▶ WHAT YOU ARE ASKED TO DO
Could you copy each line of the entries that contains "with"?

▶ STUDY MATERIAL
"""

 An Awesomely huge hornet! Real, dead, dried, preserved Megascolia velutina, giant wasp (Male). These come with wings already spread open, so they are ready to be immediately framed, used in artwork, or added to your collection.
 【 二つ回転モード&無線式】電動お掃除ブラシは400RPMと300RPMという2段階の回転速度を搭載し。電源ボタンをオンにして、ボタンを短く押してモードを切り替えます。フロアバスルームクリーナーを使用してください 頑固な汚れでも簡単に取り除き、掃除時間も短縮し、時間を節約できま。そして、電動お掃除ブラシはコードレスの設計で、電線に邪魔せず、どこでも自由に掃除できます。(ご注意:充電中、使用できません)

"""
"""

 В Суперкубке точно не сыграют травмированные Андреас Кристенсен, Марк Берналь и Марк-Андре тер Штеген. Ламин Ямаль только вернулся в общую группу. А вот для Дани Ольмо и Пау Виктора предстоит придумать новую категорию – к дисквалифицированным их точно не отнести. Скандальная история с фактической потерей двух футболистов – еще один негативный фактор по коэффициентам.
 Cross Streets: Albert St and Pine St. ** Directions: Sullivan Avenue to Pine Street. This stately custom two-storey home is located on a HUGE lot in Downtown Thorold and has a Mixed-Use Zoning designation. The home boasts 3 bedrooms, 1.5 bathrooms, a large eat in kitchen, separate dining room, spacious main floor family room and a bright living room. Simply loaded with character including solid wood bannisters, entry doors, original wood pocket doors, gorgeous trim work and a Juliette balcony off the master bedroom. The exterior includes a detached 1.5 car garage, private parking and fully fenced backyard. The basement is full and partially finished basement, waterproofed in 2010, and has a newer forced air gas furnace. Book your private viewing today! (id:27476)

"""
"""

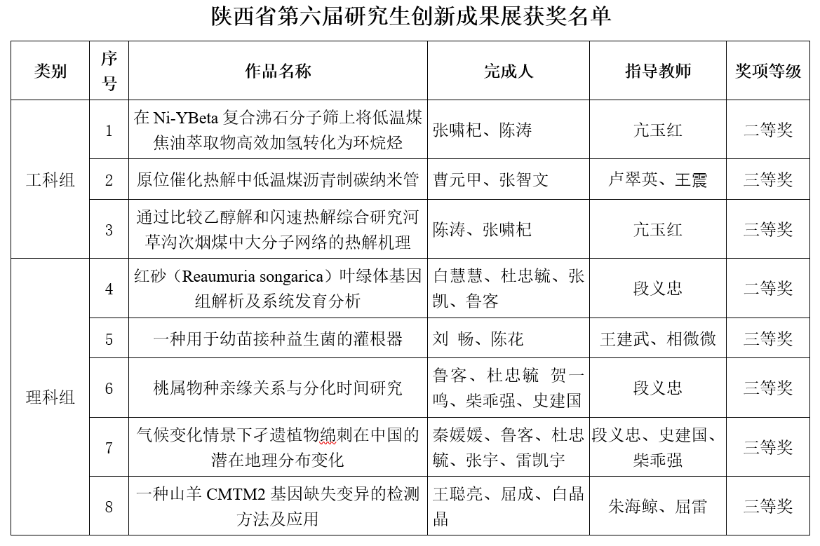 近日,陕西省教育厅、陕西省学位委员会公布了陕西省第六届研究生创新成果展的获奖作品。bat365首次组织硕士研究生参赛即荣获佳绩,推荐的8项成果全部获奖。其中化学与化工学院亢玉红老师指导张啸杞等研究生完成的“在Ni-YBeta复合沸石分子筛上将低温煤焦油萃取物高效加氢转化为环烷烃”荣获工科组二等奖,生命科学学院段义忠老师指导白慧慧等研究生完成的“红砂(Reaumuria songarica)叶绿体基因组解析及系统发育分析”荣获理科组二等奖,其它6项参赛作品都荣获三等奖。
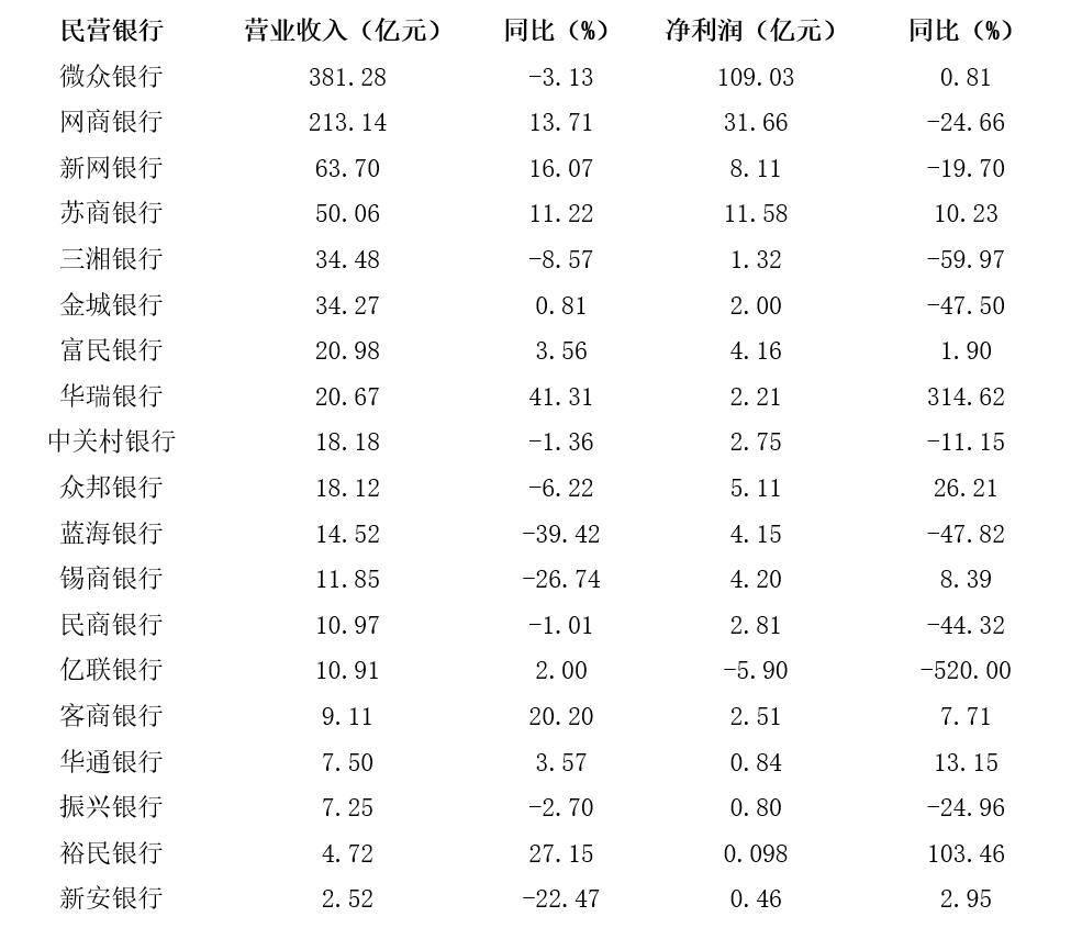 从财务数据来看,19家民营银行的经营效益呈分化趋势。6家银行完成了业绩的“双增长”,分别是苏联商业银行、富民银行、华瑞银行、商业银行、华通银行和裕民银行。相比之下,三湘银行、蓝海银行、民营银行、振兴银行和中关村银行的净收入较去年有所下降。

"""

▶ RESULT FOR THIS TASK
 An Awesomely huge hornet! Real, dead, dried, preserved Megascolia velutina, giant wasp (Male). These come with wings already spread open, so they are ready to be immediately framed, used in artwork, or added to your collection.
 Cross Streets: Albert St and Pine St. ** Directions: Sullivan Avenue to Pine Street. This stately custom two-storey home is located on a HUGE lot in Downtown Thorold and has a Mixed-Use Zoning designation. The home boasts 3 bedrooms, 1.5 bathrooms, a large eat in kitchen, separate dining room, spacious main floor family room and a bright living room. Simply loaded with character including solid wood bannisters, entry doors, original wood pocket doors, gorgeous trim work and a Juliette balcony off the master bedroom. The exterior includes a detached 1.5 car garage, private parking and fully fenced backyard. The basement is full and partially finished basement, waterproofed in 2010, and has a newer forced air gas furnace. Book your private viewing today! (id:27476)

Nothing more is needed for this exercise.